◆ What to work on
Your output should be an exact copy of the records, with no pictures in it.

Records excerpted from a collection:
------------------------------------
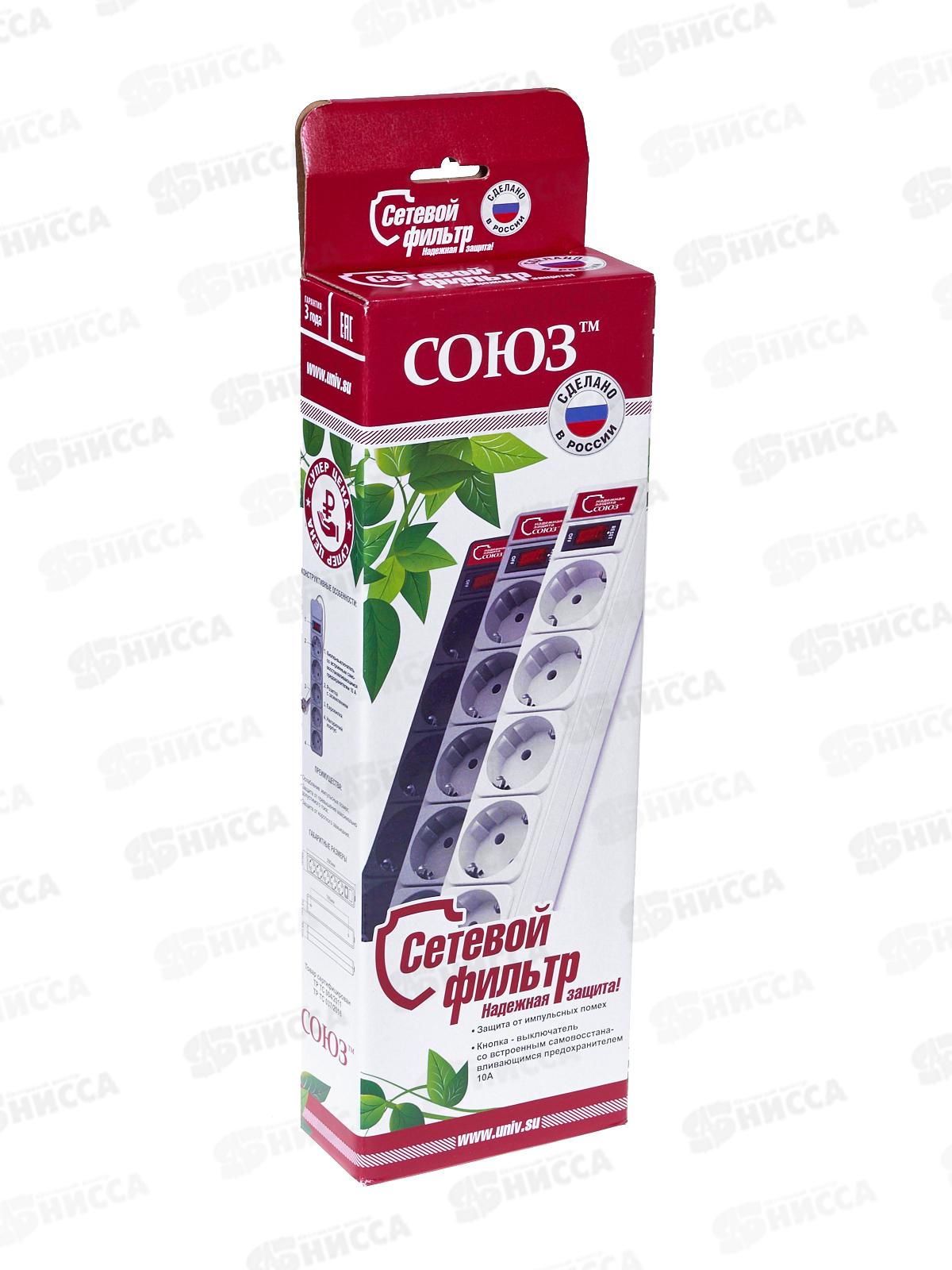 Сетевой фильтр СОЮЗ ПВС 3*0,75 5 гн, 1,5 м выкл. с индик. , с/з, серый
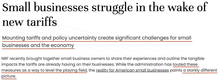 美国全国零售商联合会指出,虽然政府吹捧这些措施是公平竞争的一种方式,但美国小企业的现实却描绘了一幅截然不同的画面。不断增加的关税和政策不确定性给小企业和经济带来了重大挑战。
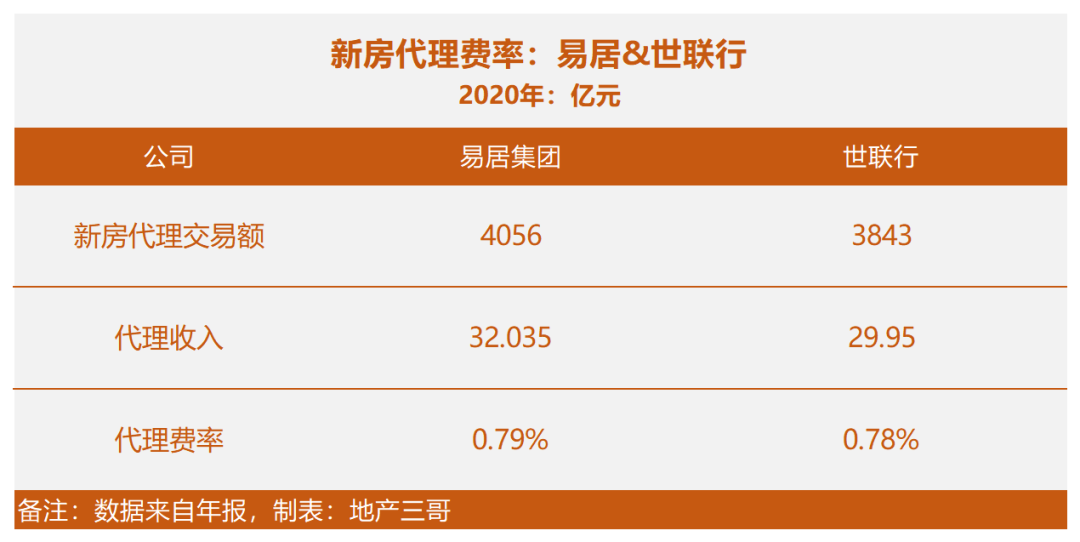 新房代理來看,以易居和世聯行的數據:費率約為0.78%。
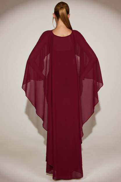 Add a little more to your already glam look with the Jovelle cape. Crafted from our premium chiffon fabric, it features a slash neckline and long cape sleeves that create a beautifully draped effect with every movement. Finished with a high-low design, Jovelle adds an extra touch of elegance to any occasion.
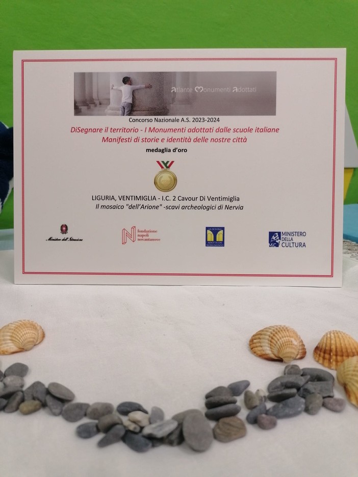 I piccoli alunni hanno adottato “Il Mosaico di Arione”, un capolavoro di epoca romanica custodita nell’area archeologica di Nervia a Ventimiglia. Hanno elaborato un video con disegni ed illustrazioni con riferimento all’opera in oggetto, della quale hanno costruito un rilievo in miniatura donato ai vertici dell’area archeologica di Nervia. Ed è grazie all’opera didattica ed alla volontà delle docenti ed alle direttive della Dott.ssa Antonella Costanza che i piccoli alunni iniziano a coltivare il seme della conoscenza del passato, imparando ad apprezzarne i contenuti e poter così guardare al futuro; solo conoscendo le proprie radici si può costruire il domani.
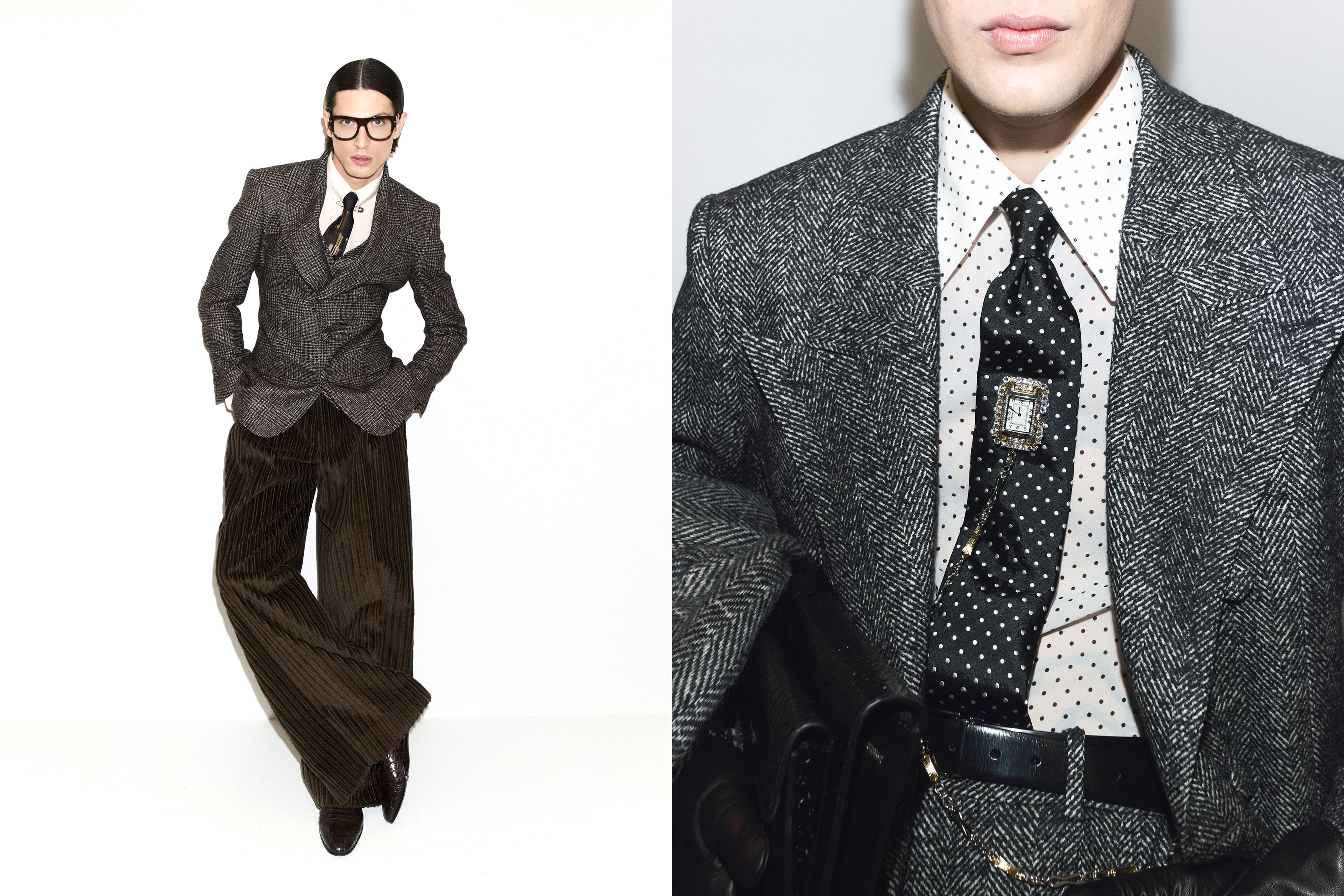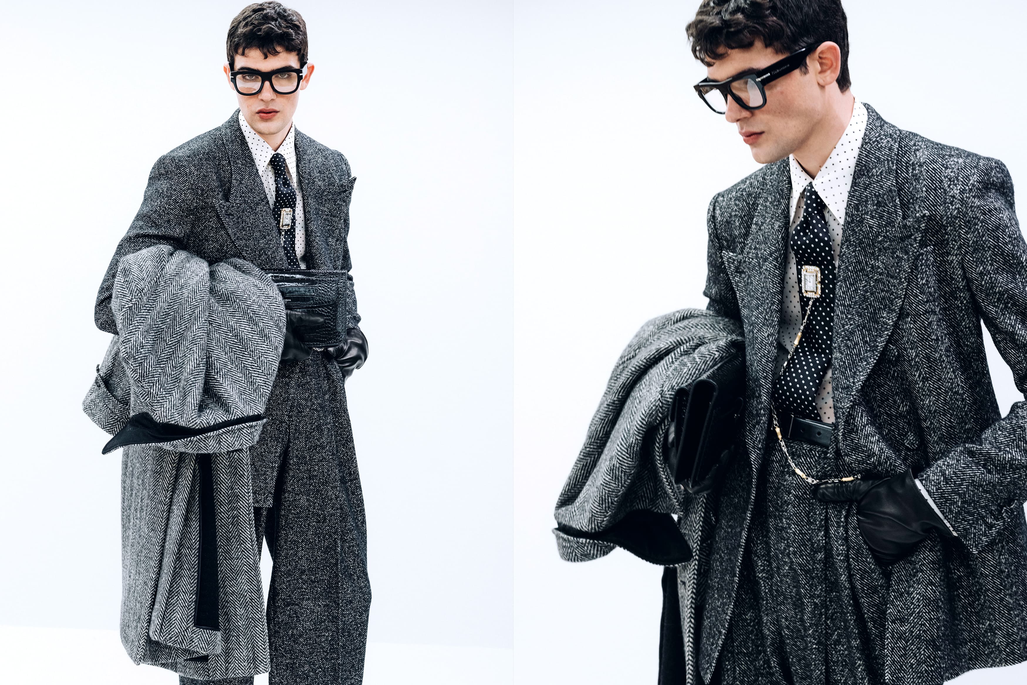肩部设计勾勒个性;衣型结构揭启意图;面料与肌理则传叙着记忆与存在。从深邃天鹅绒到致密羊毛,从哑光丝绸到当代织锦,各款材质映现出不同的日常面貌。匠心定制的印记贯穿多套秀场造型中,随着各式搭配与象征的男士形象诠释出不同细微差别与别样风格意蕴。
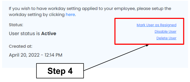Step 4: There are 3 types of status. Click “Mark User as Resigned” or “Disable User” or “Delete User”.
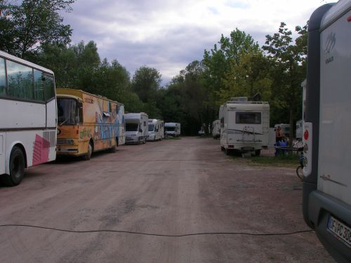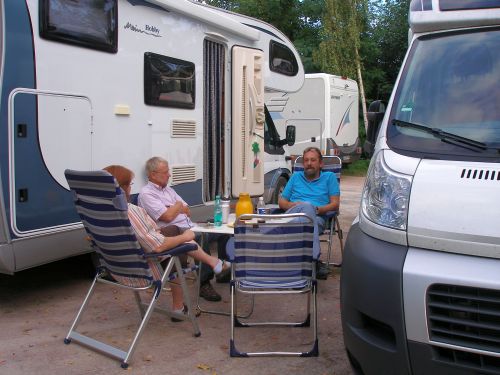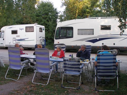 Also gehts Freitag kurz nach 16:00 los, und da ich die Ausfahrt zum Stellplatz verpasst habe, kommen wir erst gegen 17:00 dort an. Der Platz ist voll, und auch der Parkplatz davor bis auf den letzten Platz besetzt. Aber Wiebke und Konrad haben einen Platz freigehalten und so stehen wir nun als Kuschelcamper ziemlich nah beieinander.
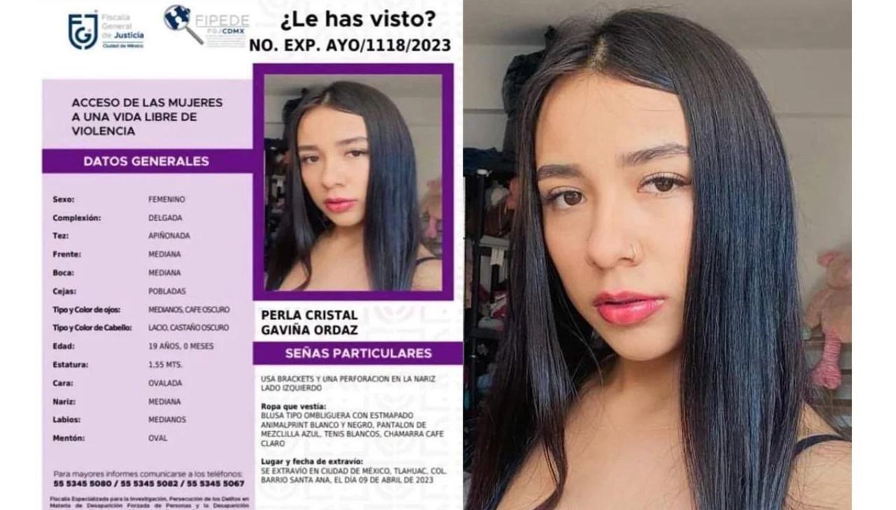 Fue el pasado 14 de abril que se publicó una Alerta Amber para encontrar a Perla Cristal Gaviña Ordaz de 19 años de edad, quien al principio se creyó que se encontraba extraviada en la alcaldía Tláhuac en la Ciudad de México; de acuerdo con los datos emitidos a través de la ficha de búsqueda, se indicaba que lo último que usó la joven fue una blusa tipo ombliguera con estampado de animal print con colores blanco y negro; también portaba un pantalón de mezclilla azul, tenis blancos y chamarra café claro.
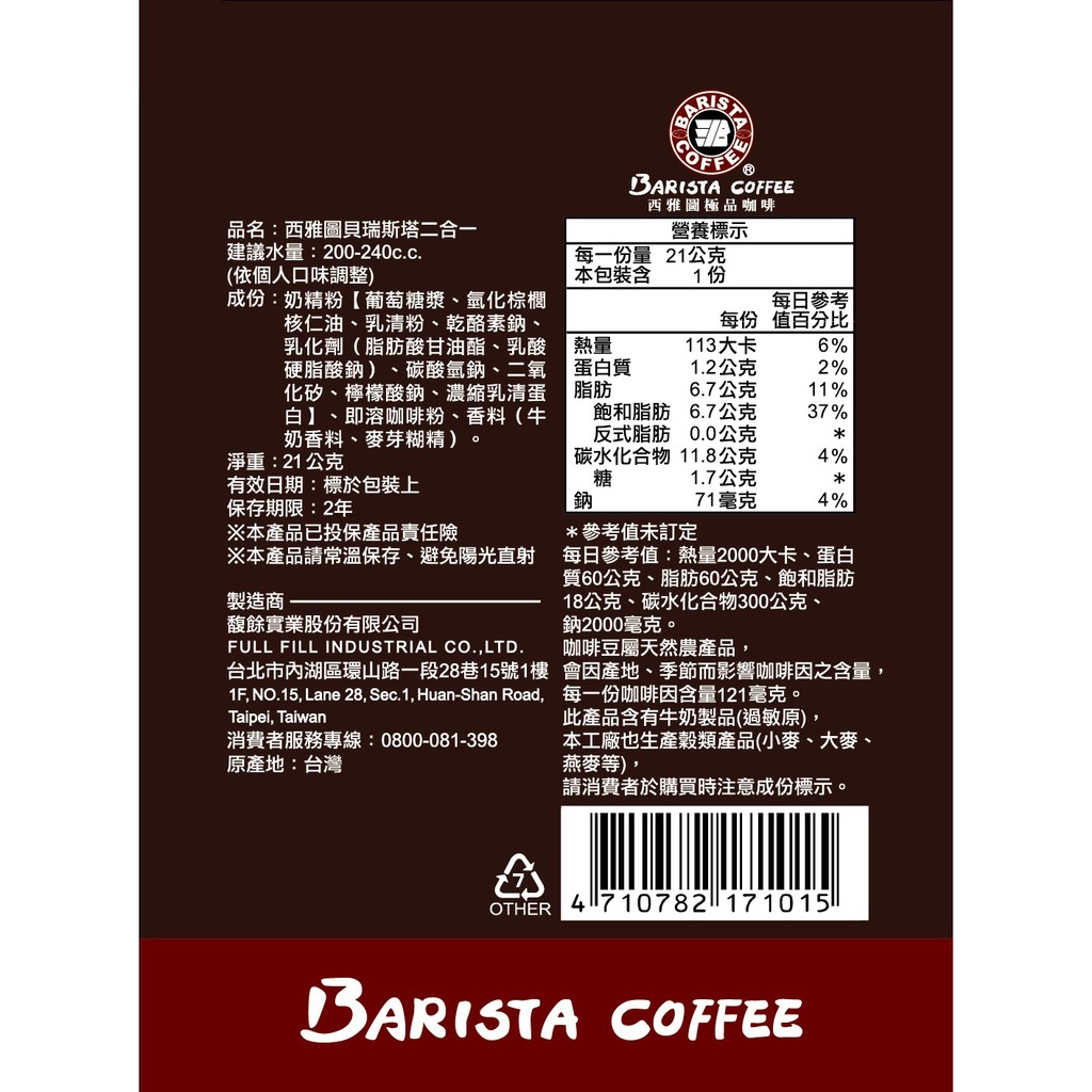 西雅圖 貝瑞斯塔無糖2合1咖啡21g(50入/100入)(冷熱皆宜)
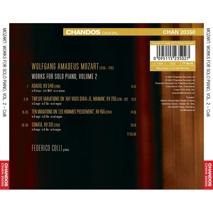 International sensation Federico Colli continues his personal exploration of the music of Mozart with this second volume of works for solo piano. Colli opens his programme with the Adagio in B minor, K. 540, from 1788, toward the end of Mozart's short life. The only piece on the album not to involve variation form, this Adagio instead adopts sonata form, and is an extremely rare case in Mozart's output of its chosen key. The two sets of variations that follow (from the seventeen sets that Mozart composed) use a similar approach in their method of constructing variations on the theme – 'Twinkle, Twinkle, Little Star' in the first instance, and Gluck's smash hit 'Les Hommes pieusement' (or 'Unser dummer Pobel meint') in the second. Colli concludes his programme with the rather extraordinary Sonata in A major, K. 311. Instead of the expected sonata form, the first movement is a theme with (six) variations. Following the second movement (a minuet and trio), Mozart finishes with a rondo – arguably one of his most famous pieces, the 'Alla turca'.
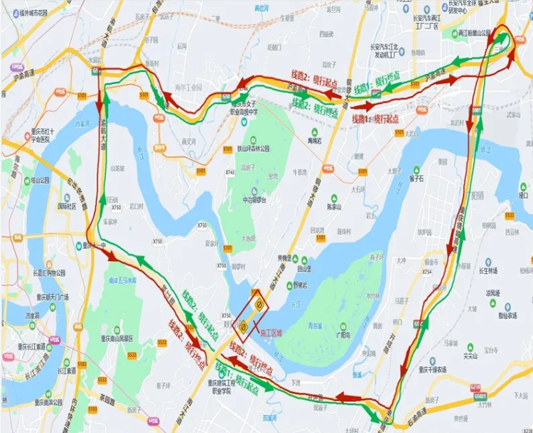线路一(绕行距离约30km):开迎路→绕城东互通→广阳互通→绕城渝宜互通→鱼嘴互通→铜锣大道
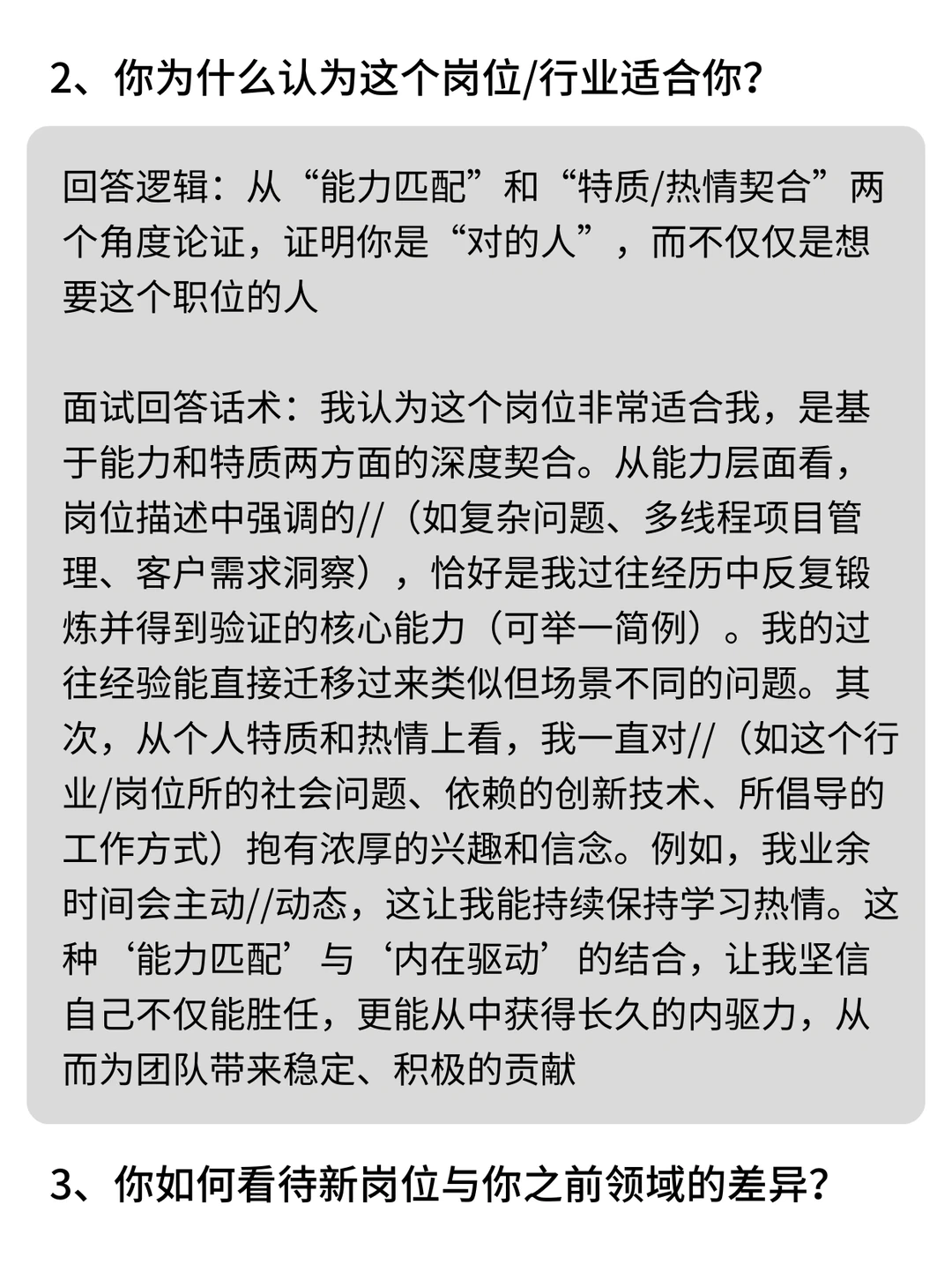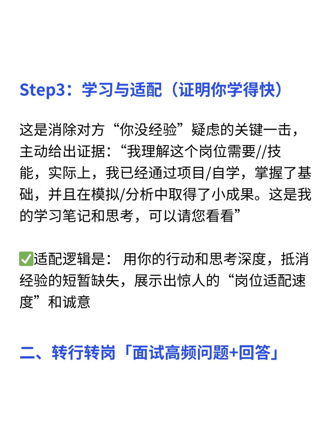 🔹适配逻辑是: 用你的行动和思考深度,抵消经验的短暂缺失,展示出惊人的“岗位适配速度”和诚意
------------------------------------
◆ Written response
 Сетевой фильтр СОЮЗ ПВС 3*0,75 5 гн, 1,5 м выкл. с индик. , с/з, серый
 美国全国零售商联合会指出,虽然政府吹捧这些措施是公平竞争的一种方式,但美国小企业的现实却描绘了一幅截然不同的画面。不断增加的关税和政策不确定性给小企业和经济带来了重大挑战。
 新房代理來看,以易居和世聯行的數據:費率約為0.78%。
 Add a little more to your already glam look with the Jovelle cape. Crafted from our premium chiffon fabric, it features a slash neckline and long cape sleeves that create a beautifully draped effect with every movement. Finished with a high-low design, Jovelle adds an extra touch of elegance to any occasion.
 I piccoli alunni hanno adottato “Il Mosaico di Arione”, un capolavoro di epoca romanica custodita nell’area archeologica di Nervia a Ventimiglia. Hanno elaborato un video con disegni ed illustrazioni con riferimento all’opera in oggetto, della quale hanno costruito un rilievo in miniatura donato ai vertici dell’area archeologica di Nervia. Ed è grazie all’opera didattica ed alla volontà delle docenti ed alle direttive della Dott.ssa Antonella Costanza che i piccoli alunni iniziano a coltivare il seme della conoscenza del passato, imparando ad apprezzarne i contenuti e poter così guardare al futuro; solo conoscendo le proprie radici si può costruire il domani.
肩部设计勾勒个性;衣型结构揭启意图;面料与肌理则传叙着记忆与存在。从深邃天鹅绒到致密羊毛,从哑光丝绸到当代织锦,各款材质映现出不同的日常面貌。匠心定制的印记贯穿多套秀场造型中,随着各式搭配与象征的男士形象诠释出不同细微差别与别样风格意蕴。
Step 4: There are 3 types of status. Click “Mark User as Resigned” or “Disable User” or “Delete User”.
 Also gehts Freitag kurz nach 16:00 los, und da ich die Ausfahrt zum Stellplatz verpasst habe, kommen wir erst gegen 17:00 dort an. Der Platz ist voll, und auch der Parkplatz davor bis auf den letzten Platz besetzt. Aber Wiebke und Konrad haben einen Platz freigehalten und so stehen wir nun als Kuschelcamper ziemlich nah beieinander.
 Fue el pasado 14 de abril que se publicó una Alerta Amber para encontrar a Perla Cristal Gaviña Ordaz de 19 años de edad, quien al principio se creyó que se encontraba extraviada en la alcaldía Tláhuac en la Ciudad de México; de acuerdo con los datos emitidos a través de la ficha de búsqueda, se indicaba que lo último que usó la joven fue una blusa tipo ombliguera con estampado de animal print con colores blanco y negro; también portaba un pantalón de mezclilla azul, tenis blancos y chamarra café claro.
 西雅圖 貝瑞斯塔無糖2合1咖啡21g(50入/100入)(冷熱皆宜)
 International sensation Federico Colli continues his personal exploration of the music of Mozart with this second volume of works for solo piano. Colli opens his programme with the Adagio in B minor, K. 540, from 1788, toward the end of Mozart's short life. The only piece on the album not to involve variation form, this Adagio instead adopts sonata form, and is an extremely rare case in Mozart's output of its chosen key. The two sets of variations that follow (from the seventeen sets that Mozart composed) use a similar approach in their method of constructing variations on the theme – 'Twinkle, Twinkle, Little Star' in the first instance, and Gluck's smash hit 'Les Hommes pieusement' (or 'Unser dummer Pobel meint') in the second. Colli concludes his programme with the rather extraordinary Sonata in A major, K. 311. Instead of the expected sonata form, the first movement is a theme with (six) variations. Following the second movement (a minuet and trio), Mozart finishes with a rondo – arguably one of his most famous pieces, the 'Alla turca'.
线路一(绕行距离约30km):开迎路→绕城东互通→广阳互通→绕城渝宜互通→鱼嘴互通→铜锣大道
 🔹适配逻辑是: 用你的行动和思考深度,抵消经验的短暂缺失,展示出惊人的“岗位适配速度”和诚意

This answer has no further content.